In order for an aquatic herbicide to function properly, it must remain in contact with the target vegetation for the length of time necessary for that plant to receive a lethal dose. Water exchange plays a huge role in the results one receives from the application of an aquatic herbicide.
Placing liquid herbicides in flowing water systems can be problematic. The treated water column is functionally moving away from the target weeds at some rate. The liquids injected into that water move with the current.
Knowing the required contact time is the first key step. The US Army Corps of Engineers has established contact exposure time requirements for a number of aquatic herbicides including the three products proposed for the Bonner County Program in 2008. Our proposal has a paper in the appendix that sites this data. There are two graphs the reviewers should give a look in this paper. The concentration exposure times for triclopyr and endothall are shown there. The curves generally show that more herbicide is needed when less contact time is expected and less is needed for longer contact times. These curves also show that in cases of short contact time, even when the maximum label rate is applied, it can result in no effect on the plants. For example, triclopyr must remain in contact with the target weeds for from 24 to 36 hours to be effective and with less than 6 hours contact time, no control will result. In a static water situation, maintaining these target concentrations may not be difficult. If the water is moving through the treatment plot as is the case in a river, the herbicide is leaving with the current at some rate. It is critcal to know what that rate is to plan treatments.

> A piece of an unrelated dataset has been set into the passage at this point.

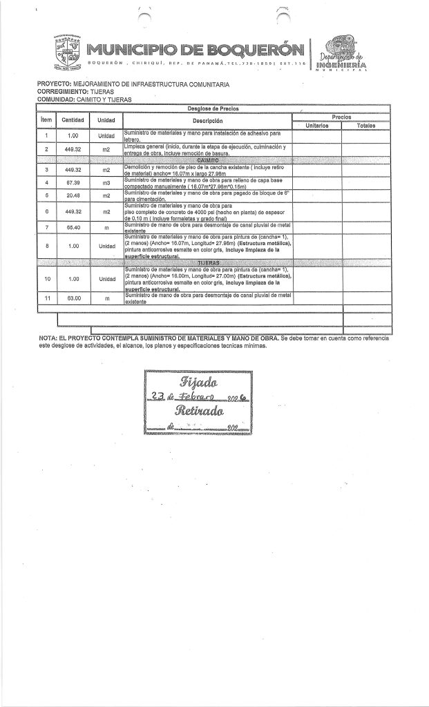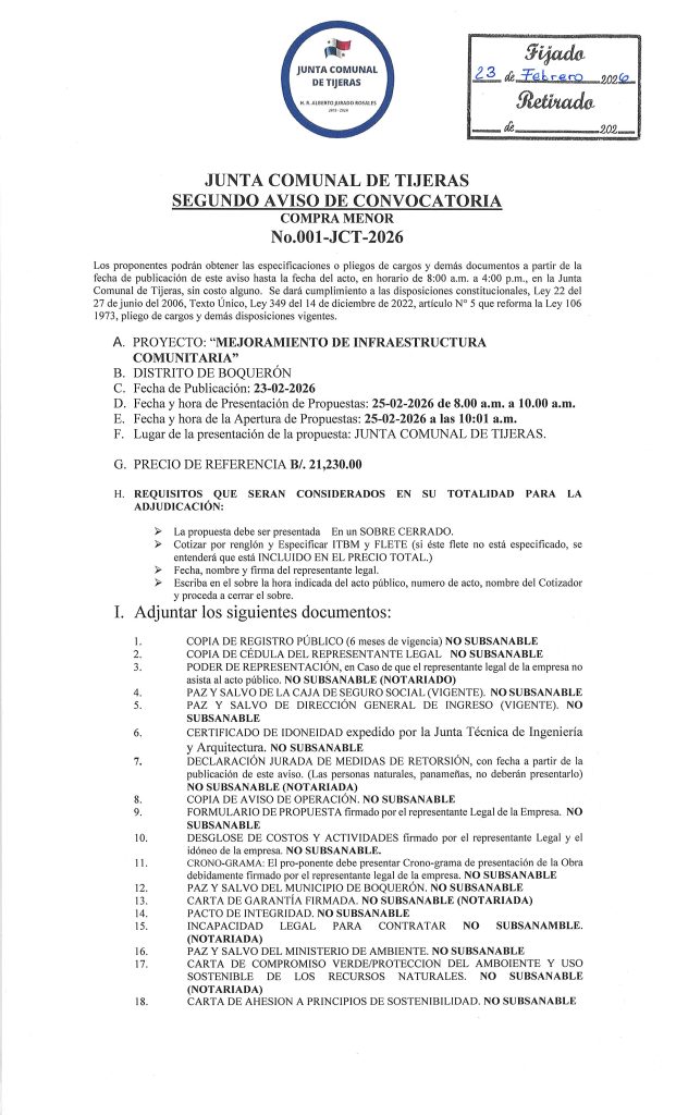-NoticiasAVISO DE CONVOCATORIA PARA: «MEJORAMIENTO DE CAMINOS CUNETAS Y PARADAS EN EL DISTRITO DE BOQUERÓN, ETAPA II». 10 de febrero de 2026Read more -NoticiasAVISO DE CONVOCATORIA DE LA JUNTA COMUNAL DE TIJERAS PARA: «MEJORAMIENTO DE INFRAESTRUCTURA COMUNITARIA» 6 de febrero de 2026Read more -NoticiasPUBLICACIÓN DE CUADRO DE COTIZACIONES DE LA JUNTA COMUNAL DE CORDILLERA PARA: «OBRAS SOCIALES 2024» 3 de febrero de 2026Read more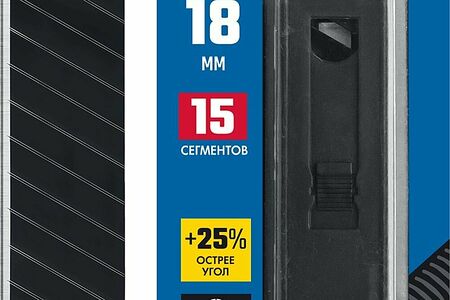 Максимально острые вороненые лезвия с более острым углом заточки.- Ширина лезвия: 18 мм- Материал лезвия: У8А - Тип покрытия: Вороненые - Тип лезвия: Сегментированное - Количество лезвий в упаковке: 10 шт- Количество сегментов: 15

One way to truly understand what your water exchange is within a treatment area is to perform a dye study. The first picture in this article show one of our treatment vessels assisting the US Army Corps of Engineers treat portions of the Pend Oreille River with Rhotamine WT Dye. This dye is injected at a known concentration to a treatment plot. This dye floureces and can be measured. Using a field Fluorometer and a sampling design, you can measure the exact concentrations of this dye over time at different areas in your treatment plot. By sampling sites for a 24 hour period, you have the data necessary to show what the water exchange within that treatment site will be. Once you understand that, you can determine what you need to do to make your application work.
In areas with high water exchange that would move the herbicide away from the plants prior to them receiving a lethal dose; you can make decisions such as making staggered applications to keep the rates up, timing the application during lower flow periods, waiting until there are significant plant beds to hold the herbicide in place or determining that the site is not a candidate for a liquid application and moving to a granular.
Based on the work we have done over a number of years with this technology on the Pend Oreille River, and reviewing some of the treatment sites proposed for liquid applications it is probable that water exchange will have a major impact on efficacy if one time treatments are made in some of these sites.
As such we have proposed an optional Dye study at a few representative sites so the County will understand how this will impact the results you would achieve at these types of sites and help the County make decisions on how to best deploy these herbicides.